→ Your objective: Word for word, retype the lines from the one containing "Those who feel" to the one containing "Makeshift memorial for" below, keeping both end lines and dropping the pictures.

→ Records to use:
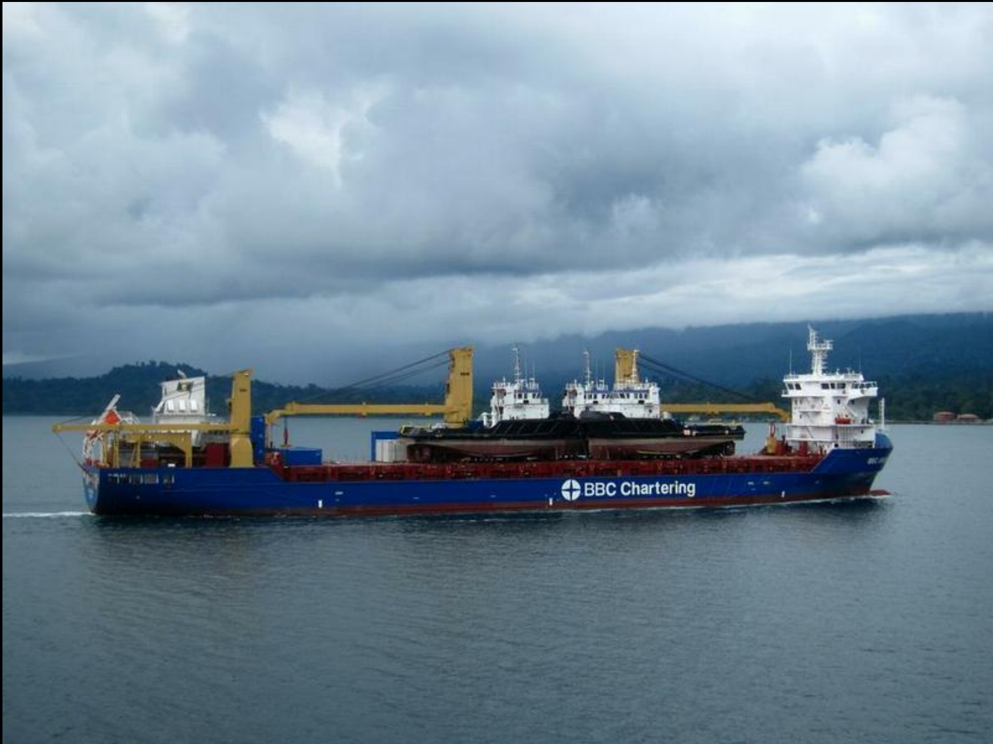
Cargo ship arriving in the anchorage awaits its turn for the dock in Luba.
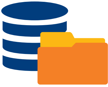
ALL MACHINE DATA

Wake up from the nightmare with VMware® vRealize™ Operations Insight, a unified management solution with predictive analytics, for performance management, capacity optimization, and real-time log analytics.
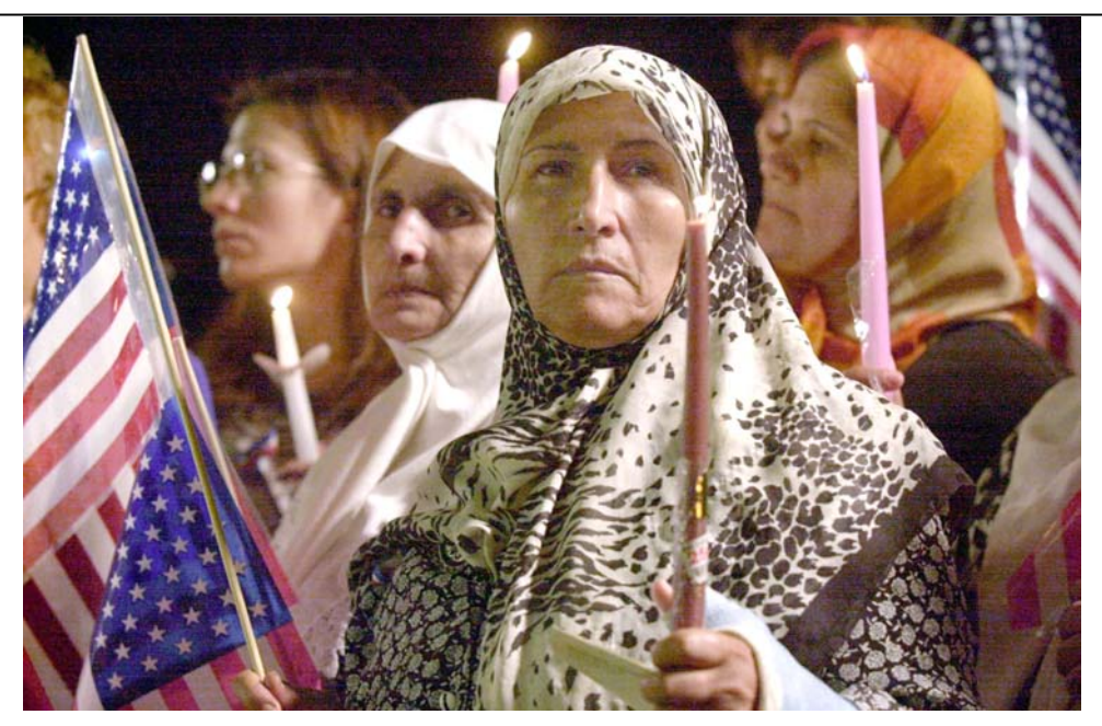
Members of the Arab-American community in Detroit, Michigan participate in a candlelight vigil in remembrance of the September 11 attack victims. September 19, 2001.

Those who feel like they can intimidate our fellow citizens to take out their anger don't represent the best of America, they represent the worst of humankind, and they should be ashamed of that kind of behavior.
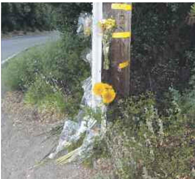
Makeshift memorial for the deceased at the corner of El Nido Ranch Road and Upper Happy Valley Road.

An elderly woman from Pleasant Hill was struck and died June 17 at El Nido Road and Upper Happy Valley Road in the middle of the afternoon by a dump truck driver who didn't see her. The driver was shaken and upset when taken in for questioning by police; he fully cooperated and had no signs of drug or alcohol impairment, or use of a cell phone at the time of the accident. The deceased was well known in the area, with grown children and grandchildren living in Lamorinda.
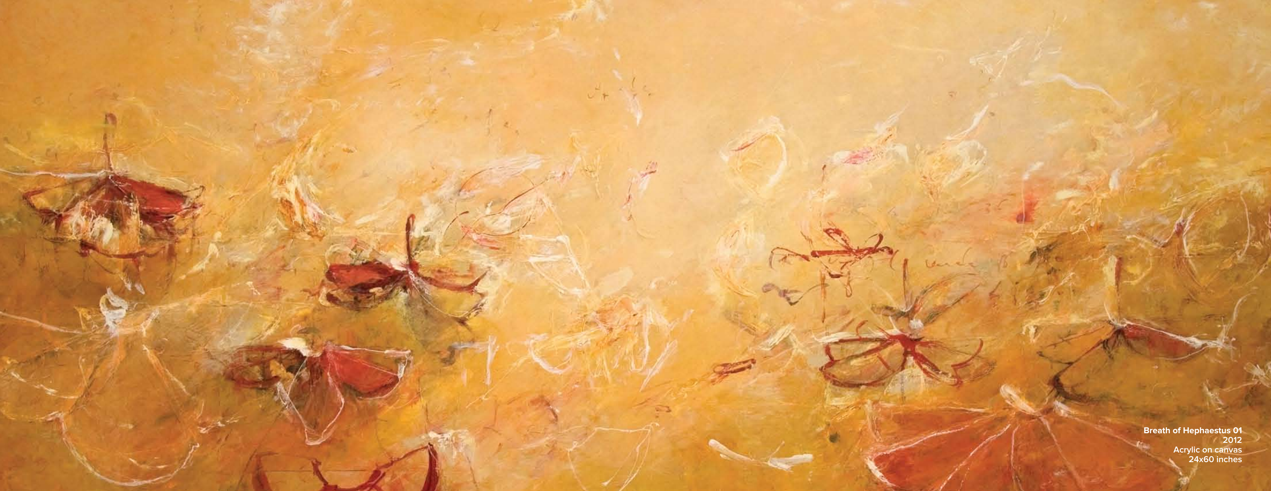
Breath of Hephaestus 01 2012 Acrylic on canvas 24x60 inches
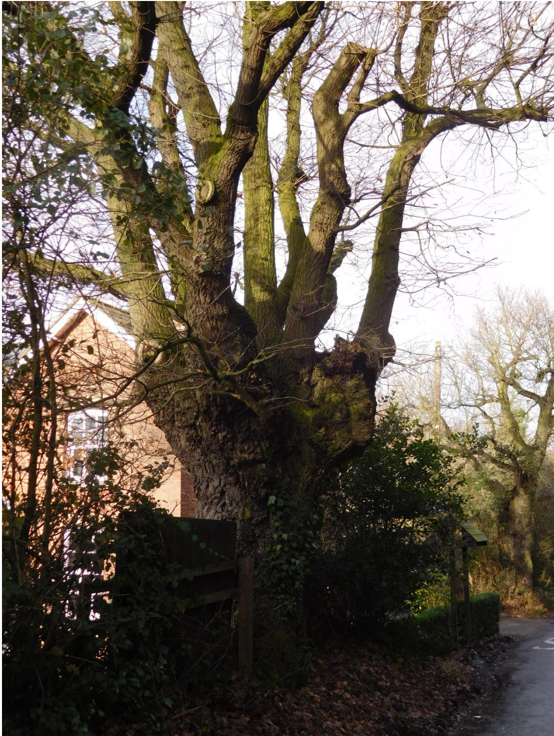
Figure 5 - Veteran pollard (CRESSLANE2)
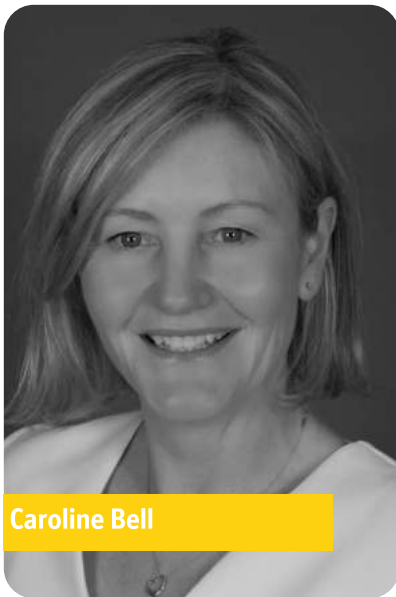
Managing Director, WORKTECH Events
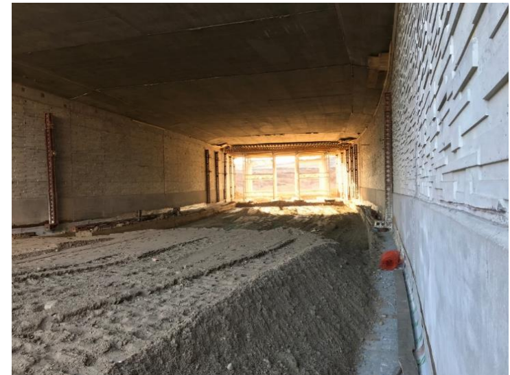
North half tunnel Interior, Fall 2020
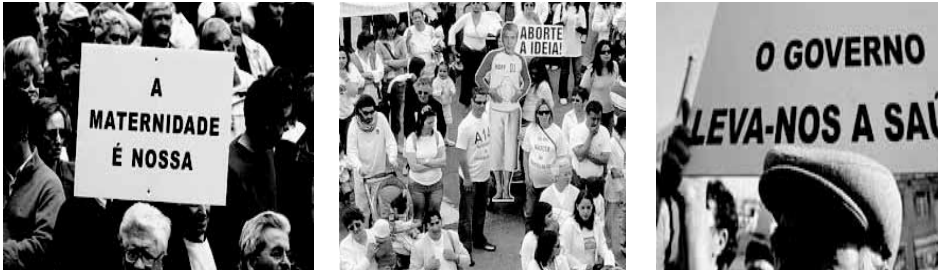
FIGURE 3: POPULAR OPPOSITION TO THE CLOSURE OF MATERNITY WARDS
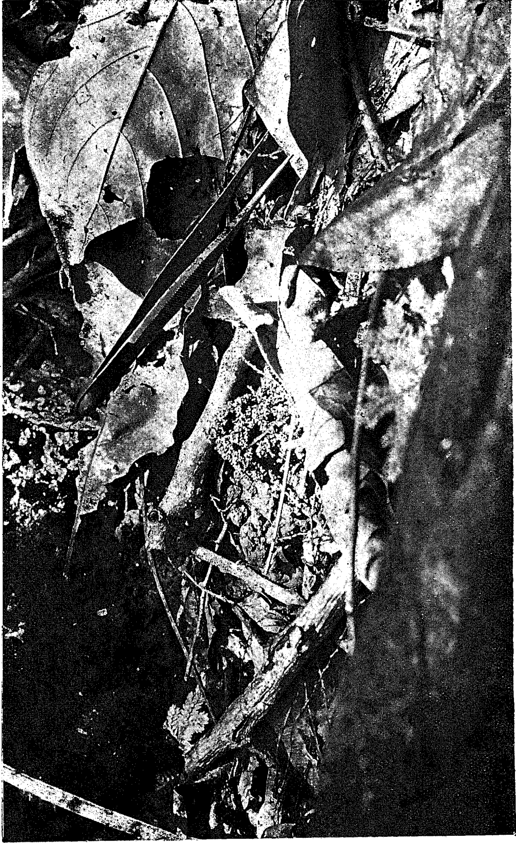
Crater entrance to nest of Mycocepurus tardus Weber to left of 113 mm. forceps. Several openings lead to the single tunnel which in turn leads to the fungus garden in the soil several centimeters below the surface. (Barro Colorado Island)
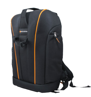
Padded Backpack PCBKPK001

→ Reply:
Those who feel like they can intimidate our fellow citizens to take out their anger don't represent the best of America, they represent the worst of humankind, and they should be ashamed of that kind of behavior.
Makeshift memorial for the deceased at the corner of El Nido Ranch Road and Upper Happy Valley Road.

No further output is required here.